● Prompt: Copy only the lines from the one with "پنیر/فیلـــه مـــرغ گریـــل" through the end of the records, exactly as they stand. No pictures belong in the copy.

(Information supplied begins)

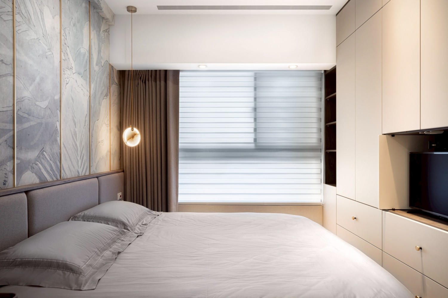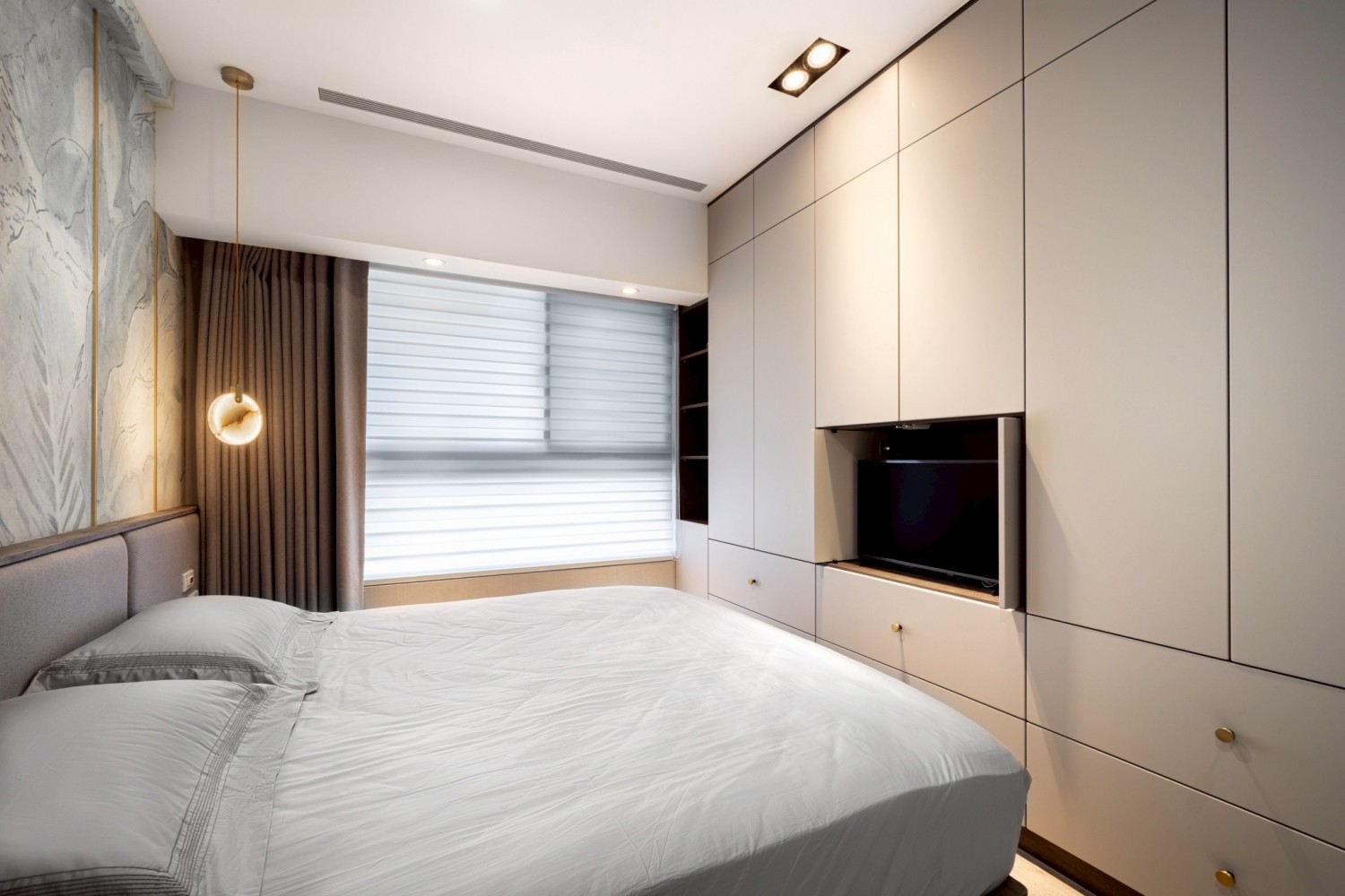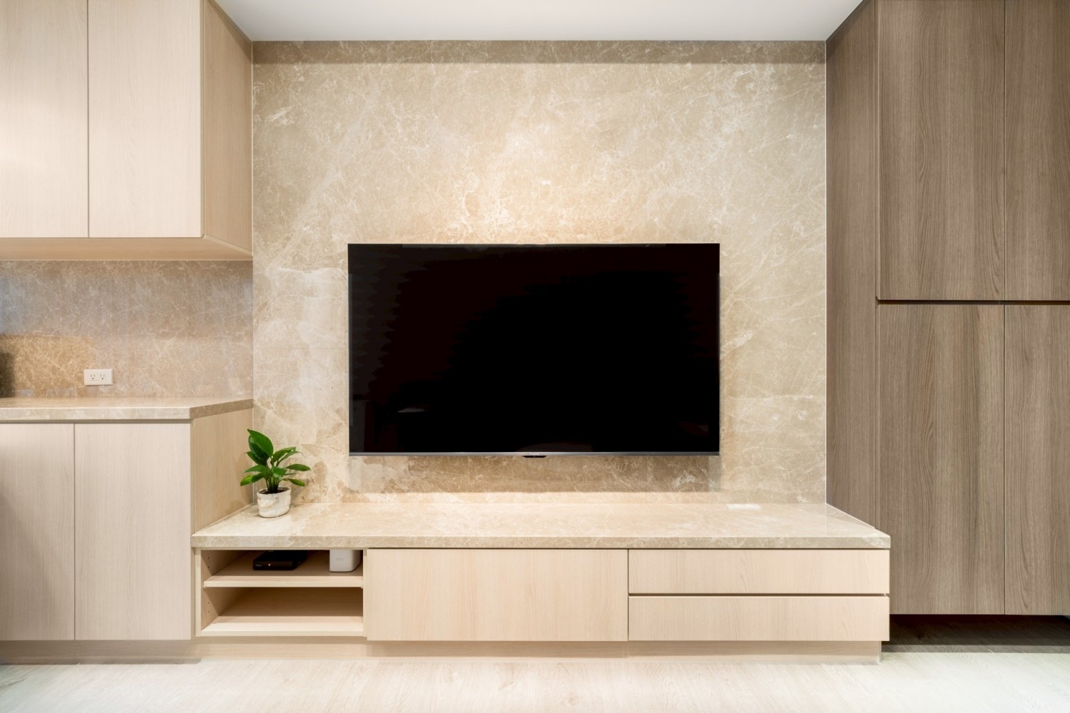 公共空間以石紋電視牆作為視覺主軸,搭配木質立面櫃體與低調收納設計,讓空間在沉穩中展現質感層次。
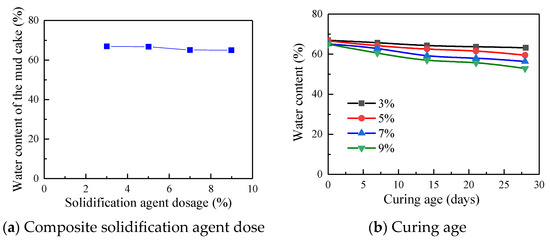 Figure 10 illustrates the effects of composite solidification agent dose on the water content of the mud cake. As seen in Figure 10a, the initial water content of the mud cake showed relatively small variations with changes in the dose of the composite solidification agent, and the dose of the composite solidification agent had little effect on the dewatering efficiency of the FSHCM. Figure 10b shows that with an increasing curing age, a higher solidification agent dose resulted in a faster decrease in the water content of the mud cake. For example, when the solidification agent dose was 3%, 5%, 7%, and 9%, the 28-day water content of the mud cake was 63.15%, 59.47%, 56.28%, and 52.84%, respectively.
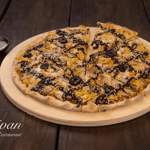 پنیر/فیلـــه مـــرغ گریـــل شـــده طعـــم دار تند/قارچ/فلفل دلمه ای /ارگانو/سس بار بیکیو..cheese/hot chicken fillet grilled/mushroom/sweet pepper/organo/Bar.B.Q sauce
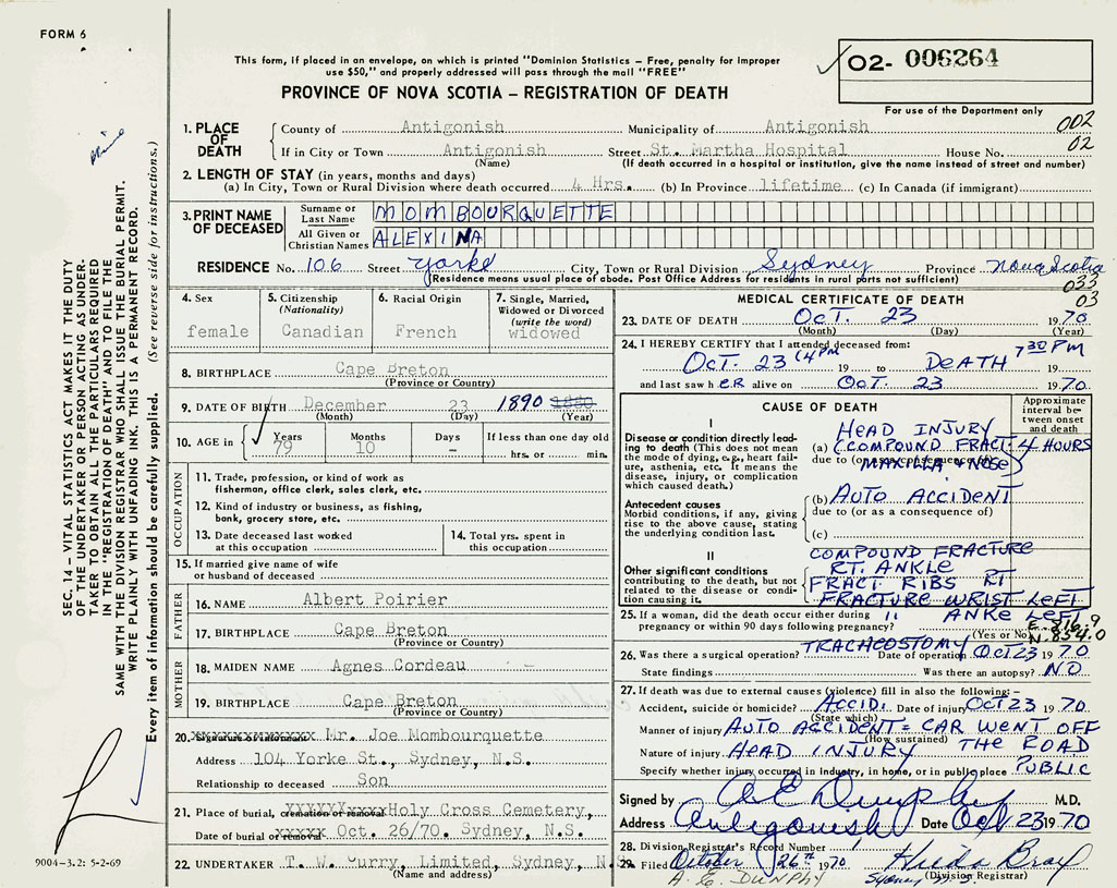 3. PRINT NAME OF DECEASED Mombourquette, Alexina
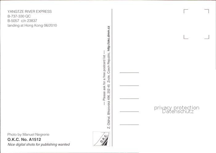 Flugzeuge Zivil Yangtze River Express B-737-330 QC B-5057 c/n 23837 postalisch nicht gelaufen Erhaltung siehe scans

(Information supplied ends)

● Answer space:
 پنیر/فیلـــه مـــرغ گریـــل شـــده طعـــم دار تند/قارچ/فلفل دلمه ای /ارگانو/سس بار بیکیو..cheese/hot chicken fillet grilled/mushroom/sweet pepper/organo/Bar.B.Q sauce
 3. PRINT NAME OF DECEASED Mombourquette, Alexina
 Flugzeuge Zivil Yangtze River Express B-737-330 QC B-5057 c/n 23837 postalisch nicht gelaufen Erhaltung siehe scans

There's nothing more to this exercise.